2. What would be the swap fixed rate (SFR) for a plain vanilla, two-year interest rate swap, payments every six months beginning 07/01/0x with the following assumptions/data:
Swap initiation, January 1, 200x
FRA1,0 = 2.221%; FRA1,1 = 2.258%; FRA1,2 = 2.322%; FRA1,3 = 2.388%; FRA1,4 = 2.520%; FRA1,5 = 2.632%; (Read the notation, FRA1,0 as ?six-month forward rate from 01/01/0x, FRA1,1 as ?six-month forward rate, six-months from 01/01/0x, FRA1,2 as ?six-month forward rate, one-year from 01/01/0x, etc..
LIBOR to remain at 2.18%.
Chapter 23 and the Lectures: please keep in mind that fixed side of a swap is always 30/90/180/360/360 convention for accruals; while the floating side is Actual/360.
3. The futures contract quote on 5,000 bushels of soybeans traded on the CBOT, Monday, December 31, 2001 was:
Open: 423-3/4 ($4.2375/bushel)
High: 424 ($4.24/bushel)
Low: 419-1/2 ($4.1950/bushel)
Settle: 421 ($4.21/bushel) You shorted 3 contracts at $4.22 on December 31, 2001.
The settlement for January 2, 2002 was $4.18 (the markets were closed on New Year?s).
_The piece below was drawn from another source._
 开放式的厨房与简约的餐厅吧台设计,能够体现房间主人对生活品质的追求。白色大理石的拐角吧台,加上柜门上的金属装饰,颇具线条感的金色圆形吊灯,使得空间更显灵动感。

If you had to post a $1,000 initial margin per contract upon placing the trade, what would be your trade account balance at the close of January 2, 2002?
This material is presented in Chapter 21 and the Lectures.
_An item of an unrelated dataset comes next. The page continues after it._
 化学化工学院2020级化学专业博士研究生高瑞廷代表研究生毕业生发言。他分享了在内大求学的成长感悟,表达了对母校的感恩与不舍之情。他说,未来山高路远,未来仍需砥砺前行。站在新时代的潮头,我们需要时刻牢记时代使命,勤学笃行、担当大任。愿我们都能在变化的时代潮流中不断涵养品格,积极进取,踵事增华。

4. Using the following data, calculate the fixed-rate payer?s first two net quarterly payments/receipts for a hypothetical interest rate swap described below.
Notional principal $10 million
Fixed rate 7.0%
Days in first quarter 91
Days in second quarter 92
Current LIBOR (LIBOR0) 5.0%
Expected LIBOR (LIBOR1) 5.3%
Expected LIBOR (LIBOR2) 4.8%
Chapter 23 and the Lectures: please keep in mind that fixed side of a swap is always 30/90/180/360/360 convention for accruals; while the floating side is Actual/360.
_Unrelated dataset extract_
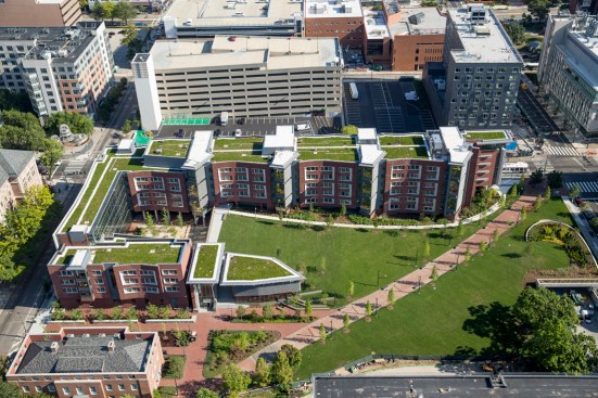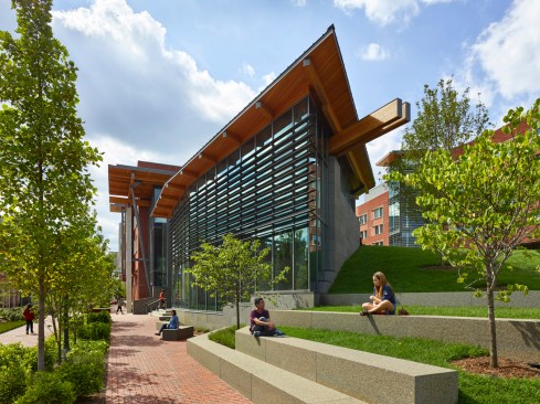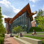 The new building conserves energy through high-efficiency lighting and abundant access to natural light, while its green roofs, lawns, and gardens help retain 95 percent of storm water. Inside, building materials were chosen for their sustainable qualities, including 120 dining chairs locally fabricated in Pennsylvania and made from 20,000 recycled soda bottles. During construction, a waste-recycling plan diverted nearly all construction and demolition waste from landfills.

5. Calculate the effective duration of a bond to a 100 basis point change in interest rates with a 6-1/4 coupon, 10-years remaining to maturity, and an asking quote of 110.7811 (decimal, not 32nds).
Please use Chapter 18 material and the Lectures.
6. Calculate the effective convexity to a 100 basis point change of the bond in Question 5.
Please use Chapter 18 material and the Lectures.
7. Calculate the total percentage price change (duration and convexity) to a 65 basis point decrease in interest rates for the bond in Questions 5 and 6.
Please use Chapter 18 material and the Lectures.
8. Given the following Treasury spot rate curve, calculate the arbitrage-free value of a 6 percent coupon, 2-year Treasury note.
Period Years Spot Rate (%)
1 0.5 3.0000
2 1.0 3.3000
3 1.5 3.5053
4 2.0 3.9164
Please use Chapter 18 material and the Lectures.
9. What is the price of a $100,000 Treasury bill with 151 days left to maturity and a discount yield of 3.75 percent?
Please use Chapter 18 material and the Lectures.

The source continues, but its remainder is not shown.